4. Repealing the EPAโs endangerment finding for greenhouse gases
AP reported that the administrationโs repeal of the 2009 endangerment finding triggered lawsuits from 24 states, 10 cities, and five counties. That finding has been the legal backbone for major federal climate regulations. Supporters call the repeal deregulation; critics call it the dismantling of a core public-health safeguard. Either way, when a move this sweeping immediately triggers large-scale legal resistance, it reinforces the impression of unstable governance.
5. Pushing an aggressive legal campaign against Harvard seeking billions
Reuters reported that the Justice Department sued Harvard, seeking to recover billions of dollars over allegations the university failed to protect Jewish and Israeli students. Antisemitism on campus is a serious issue and deserves enforcement, but this action also fits a broader pattern of using massive federal leverage in highly public confrontations. For many Americans, that raises a deeper question: is the administration governing by principle, or by spectacle?
6. Continuing to defend a sweeping federal funding freeze that courts said was likely improper
Reuters reported on March 17 that a federal appeals court largely upheld a block on the administrationโs broad funding freeze, with the court agreeing that the directive was likely improper. When courts repeatedly have to intervene against major executive actions, public suspicion grows. People start to believe power is being tested first and justified later.
Why this matters for the Moral Decay Index
Distrust of leadership does not appear overnight. It grows when leaders act faster than they explain, punish faster than they persuade, and escalate faster than they account for consequences. A nation can survive disagreement. What it cannot survive for long is the collapse of public confidence that those in power are acting with restraint, competence, and moral seriousness.

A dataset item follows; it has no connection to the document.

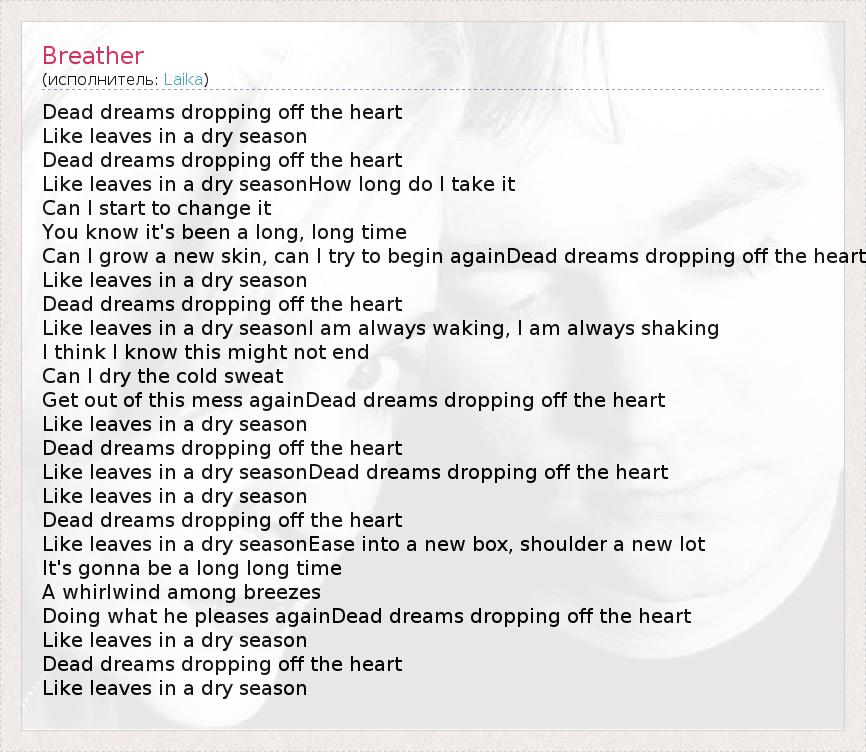 Dead dreams dropping off the heart Like leaves in a dry season Dead dreams dropping off the heart Like leaves in a dry seasonHow long do I take it Can I start to change it You know it's been a long, long time Can I grow a new skin, can I try to begin againDead dreams dropping off the heart Like leaves in a dry season Dead dreams dropping off the heart Like leaves in a dry seasonI am always waking, I am always shaking I think I know this might not end Can I dry the cold sweat Get out of this mess againDead dreams dropping off the heart Like leaves in a dry season Dead dreams dropping off the heart Like leaves in a dry seasonDead dreams dropping off the heart Like leaves in a dry season Dead dreams dropping off the heart Like leaves in a dry seasonEase into a new box, shoulder a new lot It's gonna be a long long time A whirlwind among breezes Doing what he pleases againDead dreams dropping off the heart Like leaves in a dry season Dead dreams dropping off the heart Like leaves in a dry season

That is where America looks stuck today. The issue is bigger than party. The deeper wound is this: too many citizens now expect confusion, coercion, and crisis from leadership instead of clarity, discipline, and truth. When that becomes normal, decay is no longer approaching. It is already here.
Leadership without trust becomes force. And force without wisdom is one more sign that the republic is decaying from the top down.